New Girl is easy though. She smiles at me and is the first to speak, asking me about my injury. I give her the short version. Then she gives me her long version. Hers is such a sad story. Such a tragic story. She tells me her tale in a cavernous voice. When I hear her “story,” I can’t help thinking: How do some people do it? How do they go on? Where do they get the strength?
As New Friend and I lie on our sides doing leg lifts, my butt facing him, Lilia begins. It was December 25th, 2007; she went to an after-party at a friend’s house, following her family Christmas dinner. After the party, a drunk driver ran into Lilia’s car and three people died. While she talks, both New Friend and I are silenced. Even our legs lifts stop. She says they were driving about 50 km and hour, a speed that probably would have brought them home safely, but they got hit head-on by another drunk driver at 110 km an hour. Everyone involved was under twenty-five years of age. The driver of her car was a twenty-year-old university student and beside him was his eighteen-year-old sister. They both died. In the back seat, Carmen*, Lilia’s best friend since “the crib” (Peruvian for “since birth”) sat in the middle. She died, too. Lilia was sitting behind the driver; she broke both her femurs and was bedridden for three months. The girl on the other side of Carmen was in a coma for the same amount of time Lilia was bedridden. Both girls are returning to their university this month. Lilia has crutches and hobbles along. She says the other girl is “loopy.” But these are just the facts. What about the emotions? What happens in Lilia’s room at night when all the lights are off? Does she cry silently? Does she howl uncontrollably? Does she even sleep? Do nightmares haunt her dreams? Does she speak to Carmen? Is everything she sees, feels, tastes, hears become Carmen?
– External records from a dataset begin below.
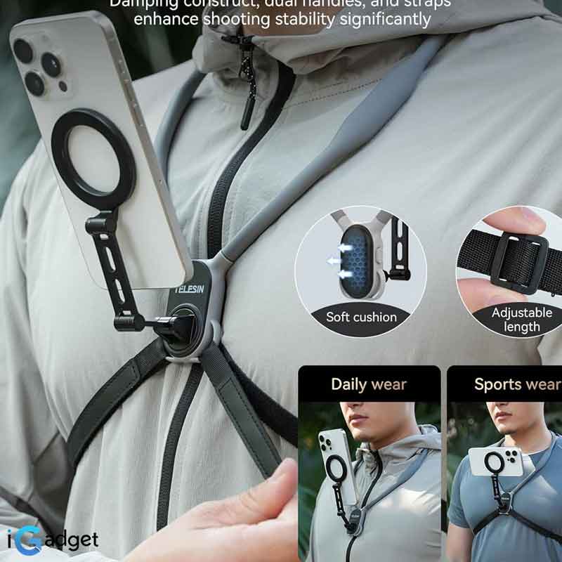 اگر به دنبال ثبت حرفهایترین لحظات زندگی از نگاه خودتان هستید، اینجا نقطه آغاز شماست! هولدر گردنی موبایل تلسین مدل TELESIN MNM 002 با طراحی ارگونومیک و بند تثبیتکننده سینه، هرگونه لرزش را حذف کرده و فیلمهایی با ثبات و...
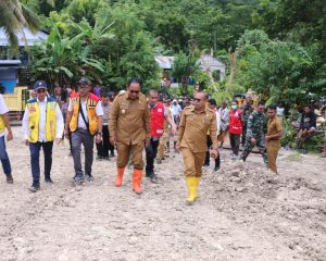 KUPANG, PENATIMOR – Wakil Gubernur NTT Josef Nae Soi (JNS) meninjau lokasi bencana longsor di Kecamatan Takari Kabupaten Kupang pada Senin (20/2/2023).
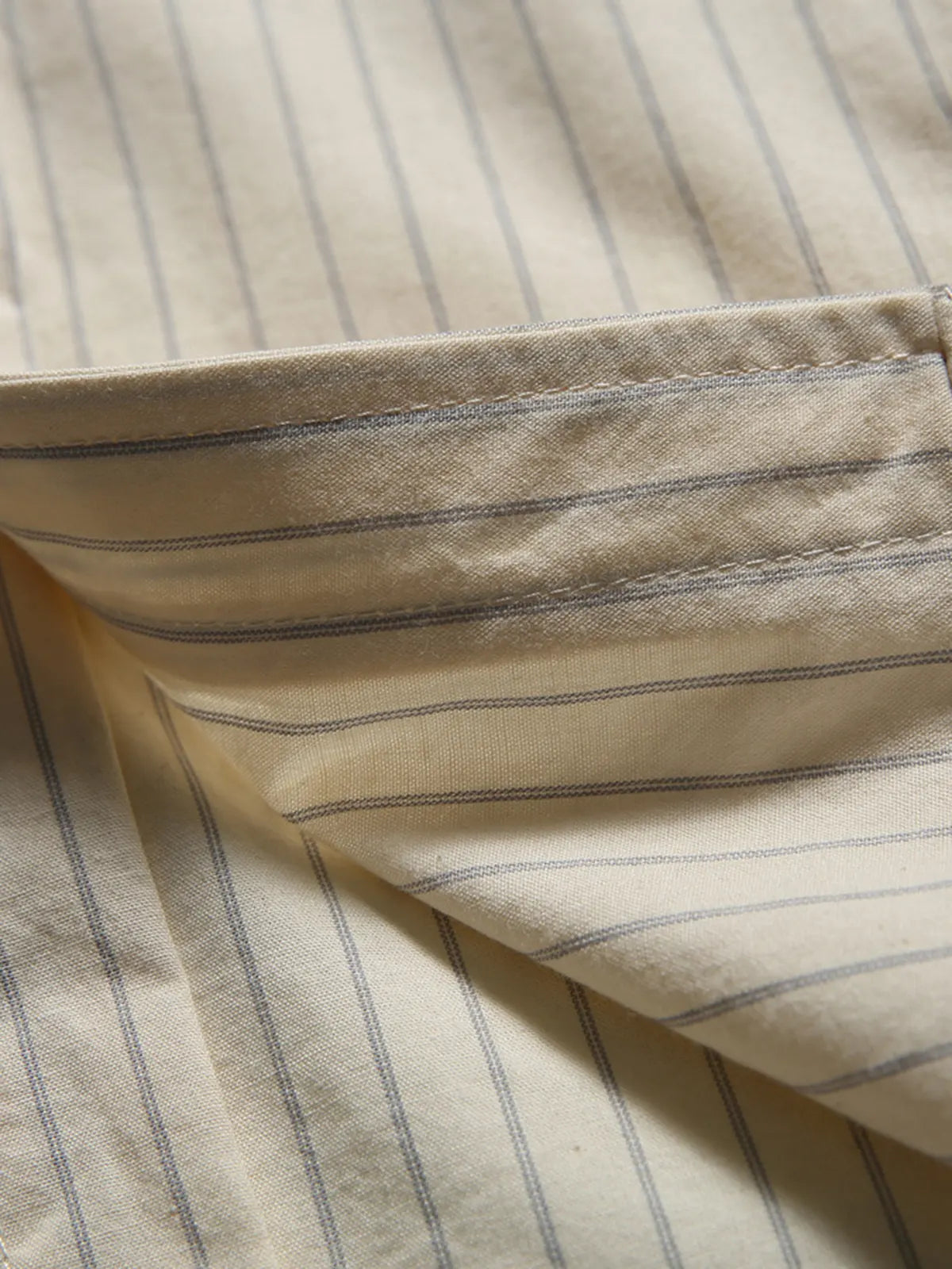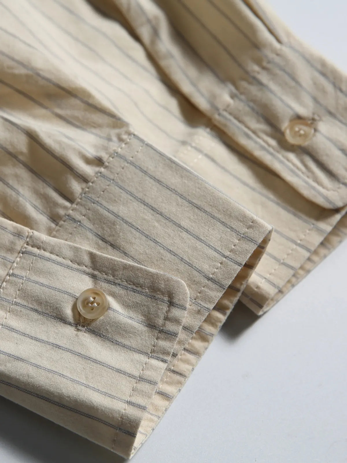 クラシックなストライプ柄によるアメリカンレトロな雰囲気を纏い、リラックスかつおしゃれに着こなせる長袖シャツです。

I lost a friend when I was twenty-two. A month before we were going to graduate from college, she got brain cancer and died four months later. She didn’t die from drinking and driving, but it was a tragic death nonetheless. When Claire* died, I was the exact age that Lilia is today. I dreamed about Claire for years. Though we were just more than acquaintances, I cried for her like she was my best friend. Sixteen years later, I still can’t forget her death. It just seems so darn unfair. It made me question God. Then it made me fear him. Then it made me love him more. Then I purposefully forgot about God. How could an Almighty, Loving God allow these sorts of things to happen?
Why should a mother get a call telling her that her twenty-year-old son and her eighteen-year-old daughter have been killed? What if Lilia had sat in the middle? Why did the other driver, a twenty-year-old rich kid, live? Who decides these things? Fate? Chance? Destiny? Free Will? God?
So today New Friend and I are not laughing.
And Lilia has more than a story. She has a name.
Another day in therapy. Another day on the matrimonial bed.